▶ [TASK TO COMPLETE]: Restate word for word the entries below, starting with the line with "moo non non" and continuing through the line with "6年生の音楽の学習で,「ラバ". Include both of those lines and no others.

▶ [MATERIAL FOR THIS EXERCISE]:
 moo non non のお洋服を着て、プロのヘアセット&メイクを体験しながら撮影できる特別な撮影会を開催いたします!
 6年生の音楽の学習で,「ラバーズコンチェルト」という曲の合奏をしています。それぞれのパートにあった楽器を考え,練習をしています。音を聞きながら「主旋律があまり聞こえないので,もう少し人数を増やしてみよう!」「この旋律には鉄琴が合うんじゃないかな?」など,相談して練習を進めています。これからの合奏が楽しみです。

--

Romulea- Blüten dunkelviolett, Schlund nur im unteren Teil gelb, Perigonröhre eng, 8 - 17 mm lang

--

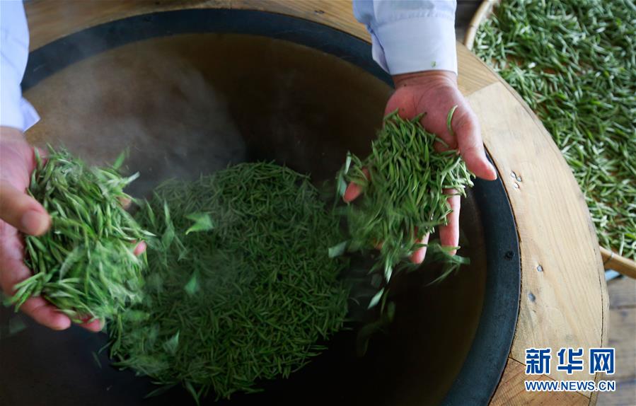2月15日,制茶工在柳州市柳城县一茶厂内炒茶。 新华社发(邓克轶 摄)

▶ [RESPONSE AREA]:
 moo non non のお洋服を着て、プロのヘアセット&メイクを体験しながら撮影できる特別な撮影会を開催いたします!
 6年生の音楽の学習で,「ラバーズコンチェルト」という曲の合奏をしています。それぞれのパートにあった楽器を考え,練習をしています。音を聞きながら「主旋律があまり聞こえないので,もう少し人数を増やしてみよう!」「この旋律には鉄琴が合うんじゃないかな?」など,相談して練習を進めています。これからの合奏が楽しみです。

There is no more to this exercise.